Chapter Five

Riverbend, Louisiana

When I arrive at the hospital, Debby is waiting for me by the elevator.

“I thought you were right behind me?” she says.

I hold up my coffee. “Pit stop. You didn’t have to wait on me.”

“Well,” she says. “He’s in a step-down room now, so I didn’t want you to go to the wrong floor.”

I don’t bother to tell her she could have just texted this information. She seems flustered enough.

“How good are his doctors?” I ask as we step into the elevator.

Debby presses floor five. “His doctors have been amazing,” she says. “His cardiologist is the best.”

“The best of Riverbend?” I say without hiding my sarcasm. “So good that Dad had a widow-maker?”

“Well, he didn’t have a cardiologist at the time. I’m talking about the one he has now.”

“Why is it he didn’t have one? He’s sixty-eight years old. Do you know the percentage of survival from a widow-maker? Luck only lasts so long.”

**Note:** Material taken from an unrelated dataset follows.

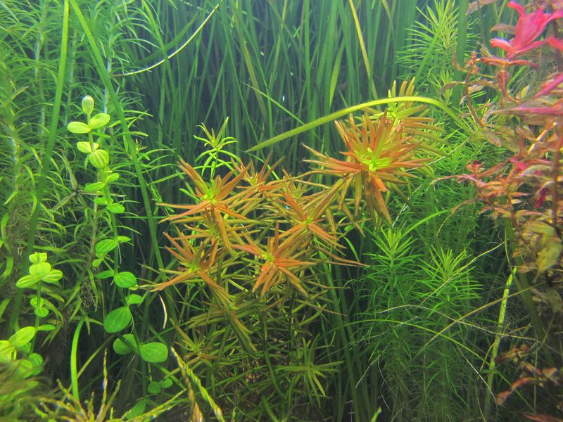 Так же по причине скачка напряжения прекратилась подача СО2 и остановился внешний фильтр. Аквариум находился в офисе и увидел только в понедельник во второй половине дня. Свет жарил более 1Вт/л поэтому улетел в сильную водорослевую вспышку, все растения покрылись мелкими волосками и начали деградировать. Реально я такого не видел никогда, до этого шикарный аквариум и красивые здоровые растения превратились в что-то страшное. Верхушки дидиплиса поотмирали и посерели половина куста развалилась на отдельные фрагменты, ротала валиха из красивых пышных ёлок превратилась в жалкое подобие полностью облепленное мелкими зелёными водорослями. Большой куст роталы тигр полностью скрючился, нижние листки побелели и покрылись рваными «ранами», верхушки рахитировали, рост прекратился. Пострадали также лидвигия куба и торнадо, валлиснерия нана, лимнофила ароматика, эхинодорус нежный рубра, ситняг.

Debby blanches, and the elevator doors open. My anger is a simmering cauldron. Anger at her for not taking better care of him. Anger at my father for not taking better care of himself. Anger at myself for not asking more questions about his health.

I’ve been so focused on the dead, I seem to have forgotten about the living, and having to admit that pisses me off.

As I follow Debby down the hallway, another anger brews in me as well, and it’s the one I don’t want to acknowledge. A petulant, selfish anger. One that blames my father for bringing me back here, for pulling me away from Laura Sanders and the answers I need from her.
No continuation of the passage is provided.